* **What the task asks**
Return each line of the data below verbatim; pictures are to be left out.

* **Data extract**
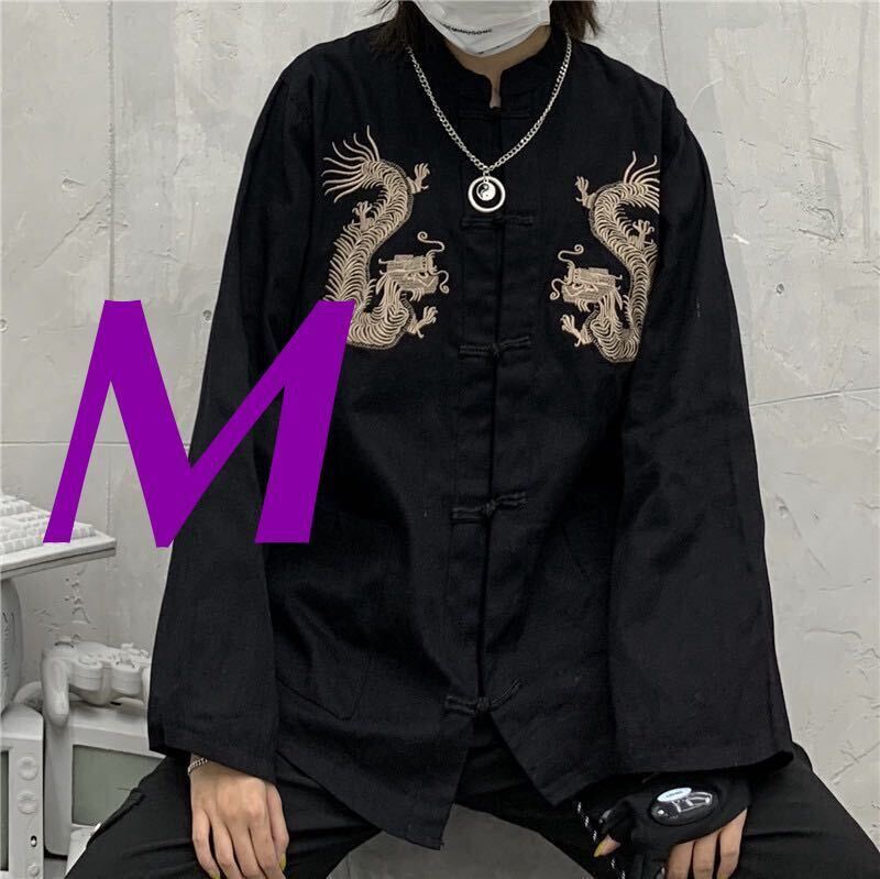 > シャツ ビッグシルエット 長袖 アウター チャイナシャツ トップス トレンド 衣装 コスプレ 好評 ユニセックス ストリート黒 ブラック M
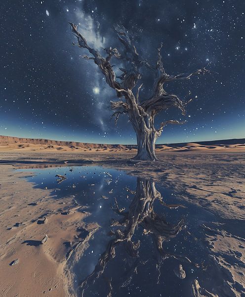 Buy this landscape artwork Tree at full moon by fernlichtsicht on canvas, ArtFrame, poster and wallpaper, printed on demand in high quality.
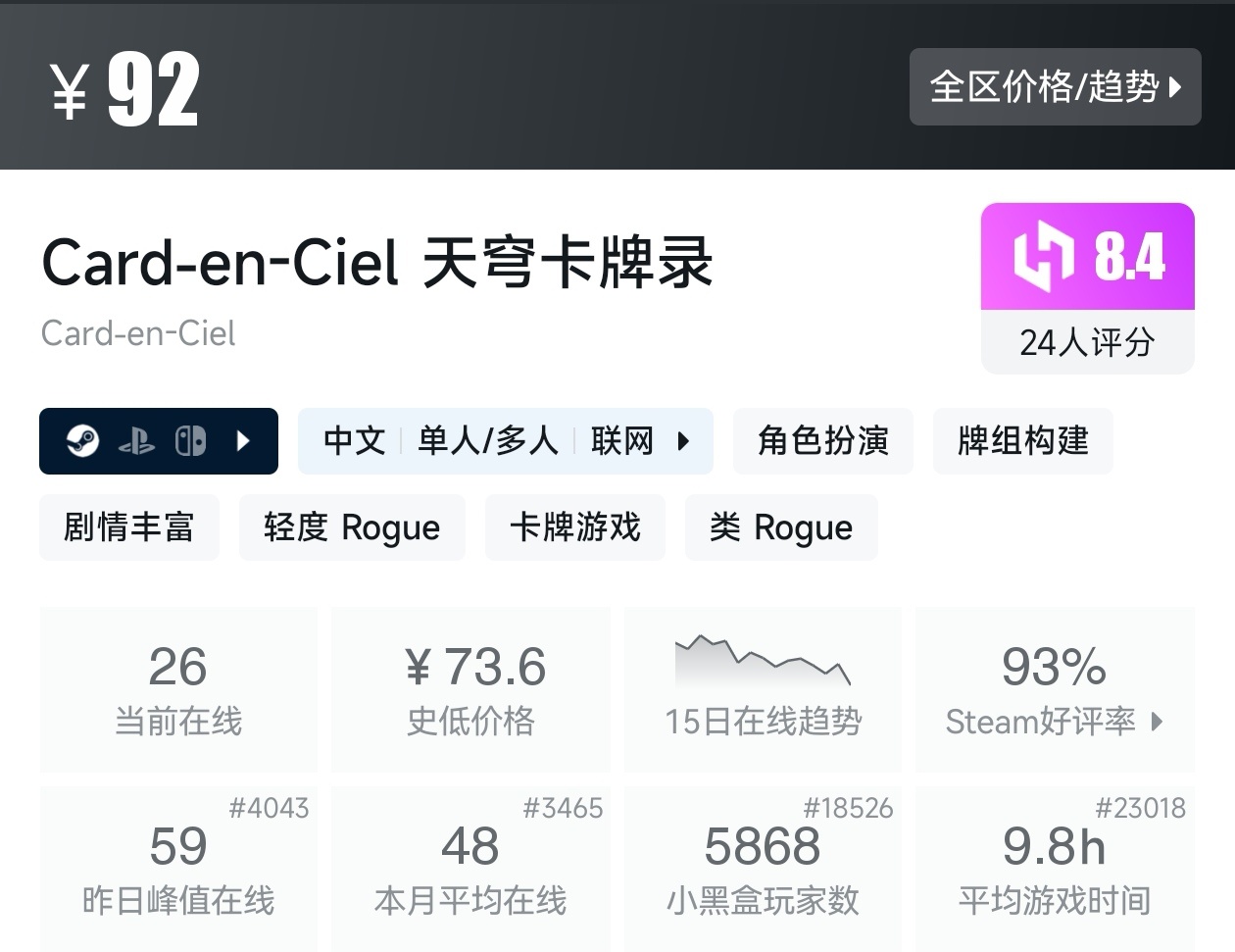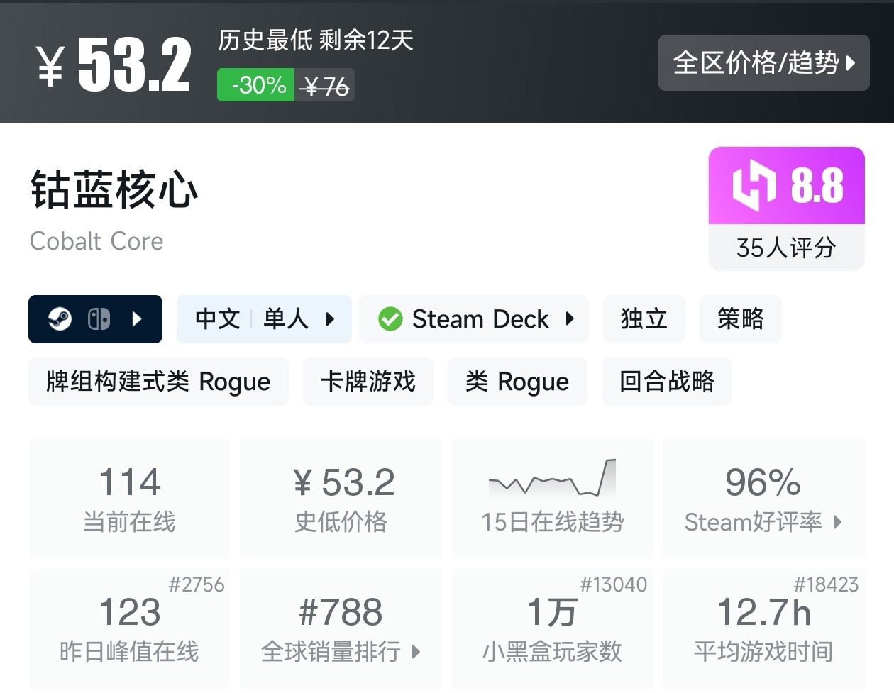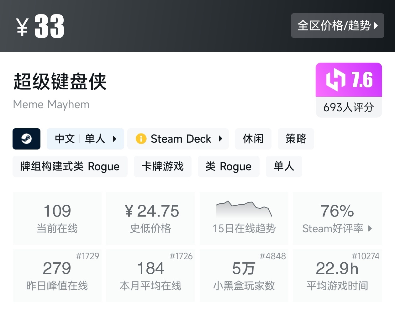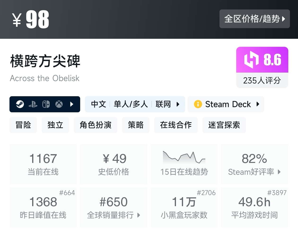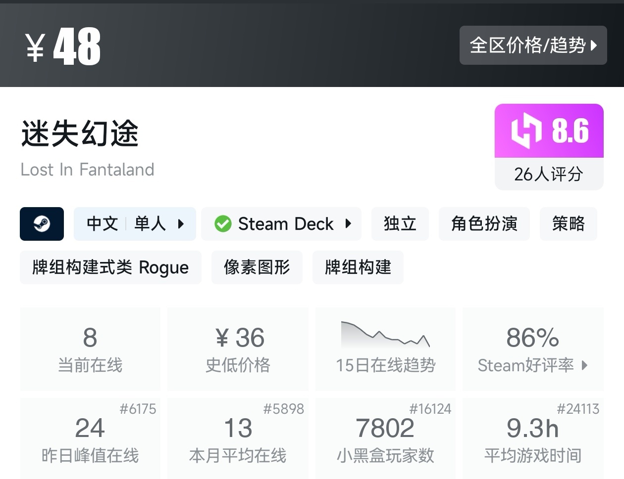 游戏的评价为好评如潮,而且还是新史低,建议搭配DLC一起食用。

* **Answer section**
 > シャツ ビッグシルエット 長袖 アウター チャイナシャツ トップス トレンド 衣装 コスプレ 好評 ユニセックス ストリート黒 ブラック M
 Buy this landscape artwork Tree at full moon by fernlichtsicht on canvas, ArtFrame, poster and wallpaper, printed on demand in high quality.
 游戏的评价为好评如潮,而且还是新史低,建议搭配DLC一起食用。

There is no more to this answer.